What is Function Call By value?

When we pass the actual parameters while calling a function then this is
 known as function call by value. In this case the values of actual 
parameters are copied to the formal parameters. Thus operations 
performed on the formal parameters don’t reflect in the actual 
parameters.

Example of Function call by Value

As mentioned above, in the call by value the actual arguments are copied to the formal arguments, hence any operation performed by function on arguments doesn’t affect actual parameters.
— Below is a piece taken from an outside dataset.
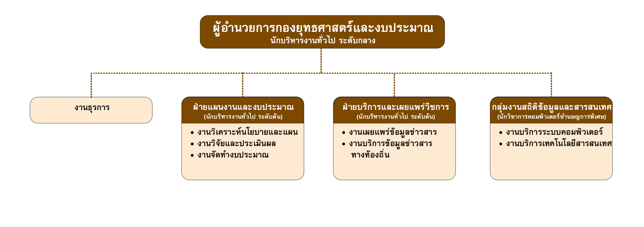 1.2 ฝ่ายแผนงานและงบประมาณ มีหน้าที่ควบคุมดูแลและรับผิดชอบการปฏิบัติงานในหน้าที่ของงานวิเคราะห์นโยบายและแผน งานวิจัยและประเมินผล และงานจัดทำงบประมาณ

Lets take an example to understand this:

#include <stdio.h> int increment(int var) { var = var+1; return var; } int main() { int num1=20; int num2 = increment(num1); printf("num1 value is: %d", num1); printf("\nnum2 value is: %d", num2); return 0; }

Output:

num1 value is: 20 num2 value is: 21

Explanation
We passed the variable num1 while calling the method, but since we are calling the function using call by value method, only the value of num1 is copied to the formal parameter var. Thus change made to the var doesn’t reflect in the num1.

Example 2: Swapping numbers using Function Call by Value

#include <stdio.h>

void swapnum( int var1, int var2 ) {

int tempnum ; /*Copying var1 value into temporary variable */

tempnum = var1 ; /* Copying var2 value into var1*/

var1 = var2 ; /*Copying temporary variable value into var2 */

var2 = tempnum ; }

int main( ) {

int num1 = 35, num2 = 45 ;

printf("Before swapping: %d, %d", num1, num2); /*calling swap function*/

swapnum(num1, num2);

printf("\nAfter swapping: %d, %d", num1, num2); }

Output:

Before swapping: 35, 45 After swapping: 35, 45

Why variables remain unchanged even after the swap?
The reason is same – function is called by value for num1 & num2. So actually var1 and var2 gets swapped (not num1 & num2). As in call by value actual parameters are just copied into the formal parameters.